*WHAT THE TASK ASKS:*
Transcribe the data that follows without changing a word, and omit the pictures.

*MATERIAL TO PROCESS:*
____
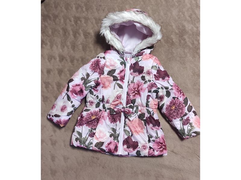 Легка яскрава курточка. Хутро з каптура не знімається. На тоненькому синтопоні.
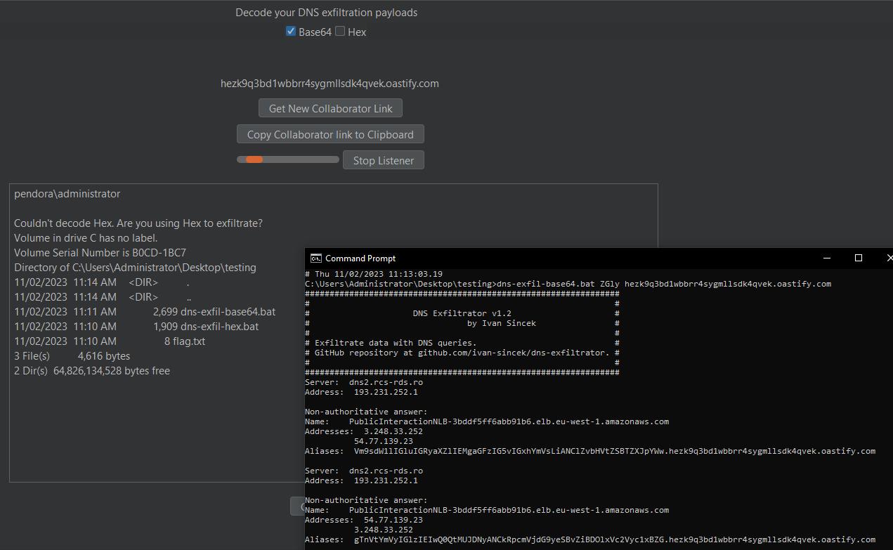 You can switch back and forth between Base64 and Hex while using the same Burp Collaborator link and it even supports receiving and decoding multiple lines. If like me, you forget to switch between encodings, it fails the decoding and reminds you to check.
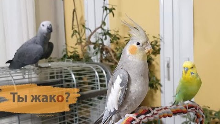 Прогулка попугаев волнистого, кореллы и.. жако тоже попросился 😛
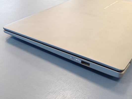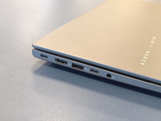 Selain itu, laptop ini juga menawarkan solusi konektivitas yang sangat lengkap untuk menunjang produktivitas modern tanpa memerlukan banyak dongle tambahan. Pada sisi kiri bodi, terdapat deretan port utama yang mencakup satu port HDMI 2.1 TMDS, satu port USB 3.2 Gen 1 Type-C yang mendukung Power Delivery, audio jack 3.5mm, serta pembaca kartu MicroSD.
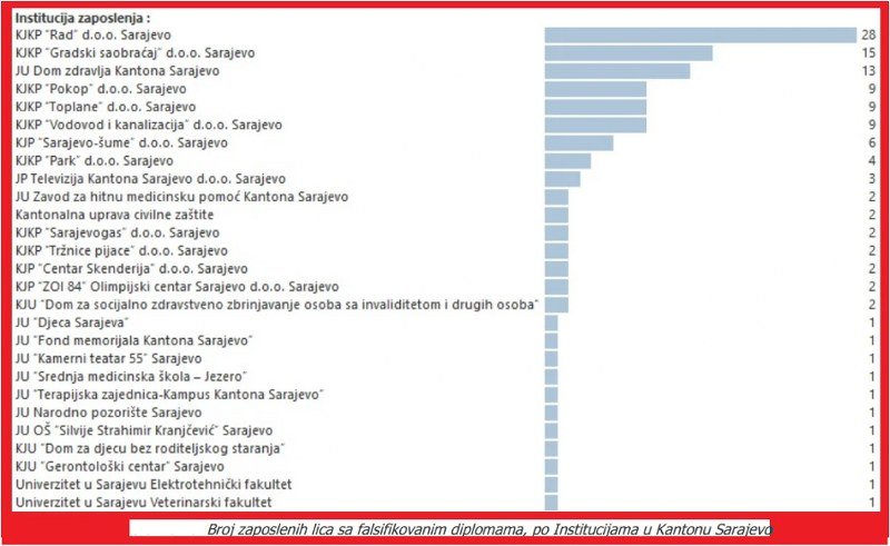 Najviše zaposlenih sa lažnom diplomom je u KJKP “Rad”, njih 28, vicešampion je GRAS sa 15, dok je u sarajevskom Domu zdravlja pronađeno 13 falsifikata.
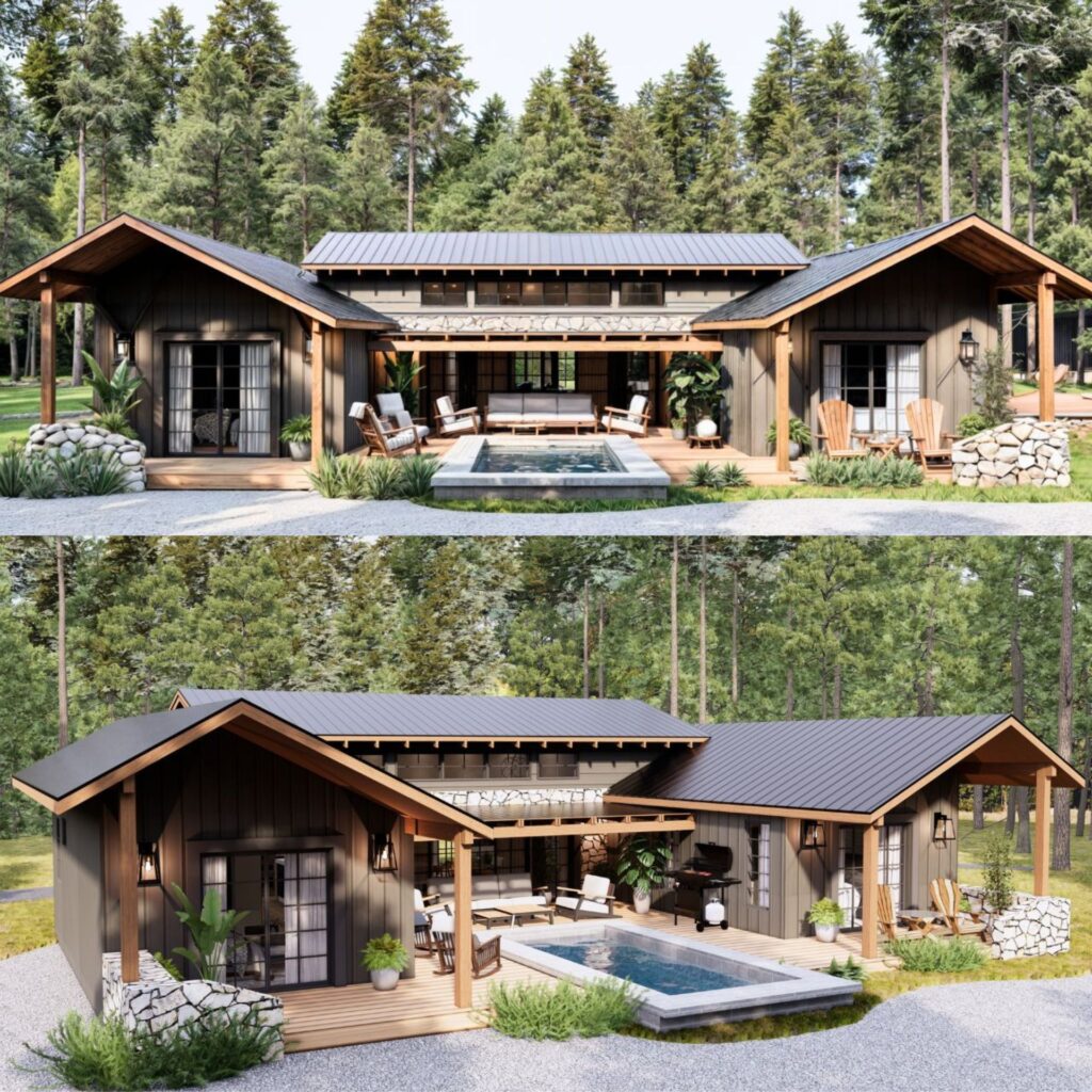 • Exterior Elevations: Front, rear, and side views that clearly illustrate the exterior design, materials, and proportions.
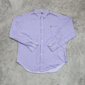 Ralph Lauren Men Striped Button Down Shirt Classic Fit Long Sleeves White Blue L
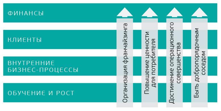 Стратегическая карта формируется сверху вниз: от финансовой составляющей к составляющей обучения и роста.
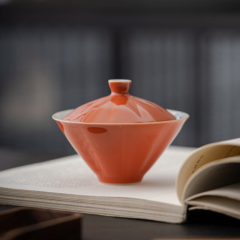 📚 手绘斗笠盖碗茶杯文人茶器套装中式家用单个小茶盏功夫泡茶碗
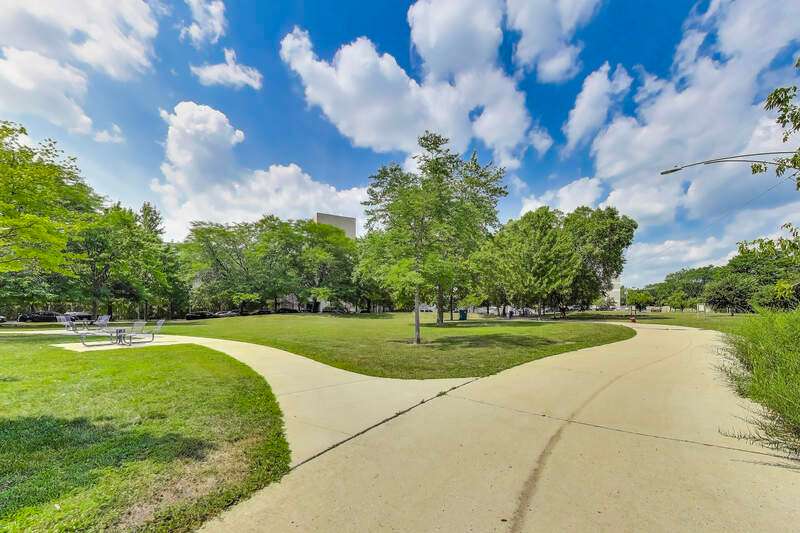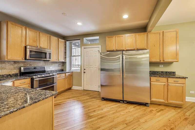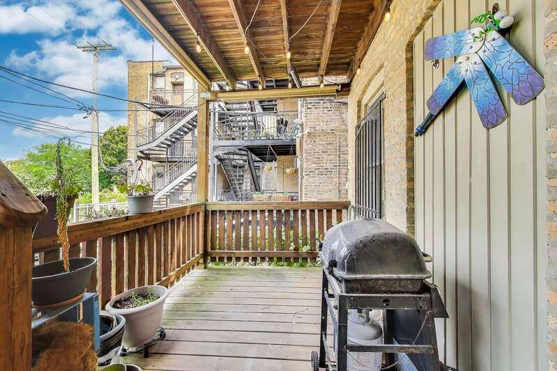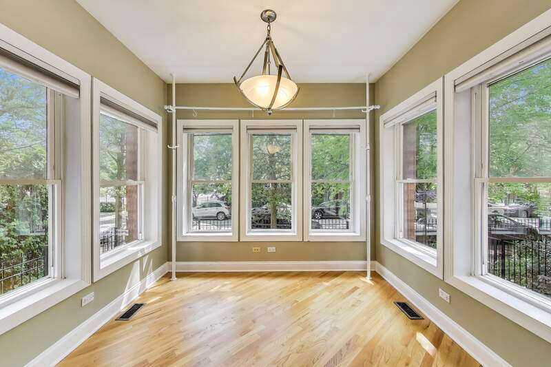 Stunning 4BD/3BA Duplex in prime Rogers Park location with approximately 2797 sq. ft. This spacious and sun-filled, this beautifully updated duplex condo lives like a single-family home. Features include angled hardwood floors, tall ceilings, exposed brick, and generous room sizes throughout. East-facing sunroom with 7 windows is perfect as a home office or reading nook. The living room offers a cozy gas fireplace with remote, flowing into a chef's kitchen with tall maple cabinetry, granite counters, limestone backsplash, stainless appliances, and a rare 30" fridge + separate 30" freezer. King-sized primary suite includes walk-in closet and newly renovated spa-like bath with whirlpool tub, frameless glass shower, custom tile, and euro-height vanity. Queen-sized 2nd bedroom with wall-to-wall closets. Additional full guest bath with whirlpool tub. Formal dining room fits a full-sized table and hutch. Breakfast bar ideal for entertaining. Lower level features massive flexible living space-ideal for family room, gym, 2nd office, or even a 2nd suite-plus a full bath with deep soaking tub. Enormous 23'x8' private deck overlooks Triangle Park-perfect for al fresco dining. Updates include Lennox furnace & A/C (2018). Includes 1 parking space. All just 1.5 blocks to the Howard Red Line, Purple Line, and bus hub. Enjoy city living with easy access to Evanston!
____
*SOLUTION TO THIS TASK:*
 Легка яскрава курточка. Хутро з каптура не знімається. На тоненькому синтопоні.
 You can switch back and forth between Base64 and Hex while using the same Burp Collaborator link and it even supports receiving and decoding multiple lines. If like me, you forget to switch between encodings, it fails the decoding and reminds you to check.
 Прогулка попугаев волнистого, кореллы и.. жако тоже попросился 😛
 Selain itu, laptop ini juga menawarkan solusi konektivitas yang sangat lengkap untuk menunjang produktivitas modern tanpa memerlukan banyak dongle tambahan. Pada sisi kiri bodi, terdapat deretan port utama yang mencakup satu port HDMI 2.1 TMDS, satu port USB 3.2 Gen 1 Type-C yang mendukung Power Delivery, audio jack 3.5mm, serta pembaca kartu MicroSD.
 Najviše zaposlenih sa lažnom diplomom je u KJKP “Rad”, njih 28, vicešampion je GRAS sa 15, dok je u sarajevskom Domu zdravlja pronađeno 13 falsifikata.
 • Exterior Elevations: Front, rear, and side views that clearly illustrate the exterior design, materials, and proportions.
 Ralph Lauren Men Striped Button Down Shirt Classic Fit Long Sleeves White Blue L
 Стратегическая карта формируется сверху вниз: от финансовой составляющей к составляющей обучения и роста.
 📚 手绘斗笠盖碗茶杯文人茶器套装中式家用单个小茶盏功夫泡茶碗
 Stunning 4BD/3BA Duplex in prime Rogers Park location with approximately 2797 sq. ft. This spacious and sun-filled, this beautifully updated duplex condo lives like a single-family home. Features include angled hardwood floors, tall ceilings, exposed brick, and generous room sizes throughout. East-facing sunroom with 7 windows is perfect as a home office or reading nook. The living room offers a cozy gas fireplace with remote, flowing into a chef's kitchen with tall maple cabinetry, granite counters, limestone backsplash, stainless appliances, and a rare 30" fridge + separate 30" freezer. King-sized primary suite includes walk-in closet and newly renovated spa-like bath with whirlpool tub, frameless glass shower, custom tile, and euro-height vanity. Queen-sized 2nd bedroom with wall-to-wall closets. Additional full guest bath with whirlpool tub. Formal dining room fits a full-sized table and hutch. Breakfast bar ideal for entertaining. Lower level features massive flexible living space-ideal for family room, gym, 2nd office, or even a 2nd suite-plus a full bath with deep soaking tub. Enormous 23'x8' private deck overlooks Triangle Park-perfect for al fresco dining. Updates include Lennox furnace & A/C (2018). Includes 1 parking space. All just 1.5 blocks to the Howard Red Line, Purple Line, and bus hub. Enjoy city living with easy access to Evanston!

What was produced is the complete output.